Games Academy alumni release their latest game on Nintendo Switch

07 June 2024

Games Academy alumni release their latest game on Nintendo Switch

Studio 316, a Cornwall-based games studio which comprises of five former Falmouth University Games Academy students has released their latest Nintendo Switch title, Tip Tap Table Tennis, in collaboration with Excalibur Games. 

The game follows on from Seagrass Ranger, an educational title created for The Eden Project, and immersive rowing application, ImersU Row. Their new title offers dynamic motion controlled table tennis gameplay with local multiplayer support with unique physical paddles. 

Co-Founder and CEO of Studio 316, Joe Clark (a Game Development: Design BA graduate), also spoke at our recent Games Expo event, talking about how the business has developed since he and his fellow teammates graduated. 

Tip Tap Table Tennis is a standalone table tennis game to the Nintendo Switch which takes on some of the feel of Wii Sports games. It took the team around seven months to make and started with two weeks of scoping out the Switch environment to start developing. “The team had to do a bunch of research and new learning to get used to the Switch functionality,” says Joe, who graduated from the course in 2021.

Joe Clark talking about his project

“Key challenges in the build, other than getting to grips with the Switch environment, were scoping out the game, cutting away smaller features and almost a month of back and forth with platform submissions with Nintendo."

"It was our first Switch game so we learned a massive amount that we can take forward onto other projects. We also had up to three other projects of various sizes on the go at once, which was a real challenge for a fledgling business.” 

- Joe Clark, graduate

The game was created in Unreal Engine 5 and the team wrote a blog series that documents their build. These posts discuss the many firsts the team encountered on the development journey that the team hope will be the firsts of many. 

We asked Joe about his time at Falmouth, and how it prepared him for life beyond university. 

What are the main skills/experience from your degree that you use on a daily basis? 

The course sets you in good stead for team-based working environments that are essential for collaborative studio working. There are many theories and practical skills that the team and I still use on a basis such as agile practices and team-based principles/workflows. 

Does it help that the team all had similar experiences studying at Falmouth University together? 

The team all had different specialisms within gaming, like art, programming, sound, etc. which although come under the gaming umbrella are actually quite diverse. Bringing all these skills together in team projects is a key part of the games courses, and it really prepares you well for work in the development studio. It was shared experiences on a group project that took us right though to starting Studio 316.  

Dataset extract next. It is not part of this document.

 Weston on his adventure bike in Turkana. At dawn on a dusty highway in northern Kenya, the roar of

What was the most unexpected thing about studying Game Development at Falmouth? 

I’d never studied game development previously, so I went in blind with little in the way of expectations. What was great was the Games Academy building itself which has over 400 high-end computers and a whole host of other technologies at your disposal. With a space full of creative people that big, there are loads of interesting conversations and ideas all around which of course has its benefits.  

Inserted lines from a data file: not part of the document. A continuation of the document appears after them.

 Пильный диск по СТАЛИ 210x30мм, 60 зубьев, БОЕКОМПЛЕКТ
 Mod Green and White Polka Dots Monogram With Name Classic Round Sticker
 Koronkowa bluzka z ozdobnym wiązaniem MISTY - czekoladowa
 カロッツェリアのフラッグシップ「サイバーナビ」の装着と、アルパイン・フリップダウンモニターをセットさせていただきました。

The university also hosts the Global Game Jam, which creates a real buzz of creativity and collaboration for 48 hours every year. 

Also as an aside, we’ve taken on a number of part time and freelance staff since our inception and you can really notice the difference in developers from Falmouth. Courses at the other universities, in our experience as a business, often don’t bake in the team working environment to all years of study and it really shows. 

Who would you recommend game dev at Falmouth to? 

I’d recommend the course at Falmouth to anyone looking to experience the best representation of working in the games industry as possible and gain industry standard knowledge, as it really sets you up for a job beyond graduation. As mentioned, the course is geared towards team-based projects in all years but you can also work individually on projects if you prefer. 

Another key feature of studying at Falmouth is the influence and resources of performing arts, arts and music courses that the university specialises in. 

What does the future look like for you and Studio 316? 

We’re working on our own game using grant funding from the UK Games Fund. We’re looking to find a publishing agreement and release the game in the next year or two. 

Can you tell us more about the upcoming project? 

It’s a co-op multiplayer, post-apocalyptic delivery simulation game where the user takes the role of an apocalypse survivor who finds a business opportunity in becoming a postie, in the apocalypse. Gather up to four friends, build your rig, scavenge for supplies, and create your post apocalypse delivery team to navigate the wastelands.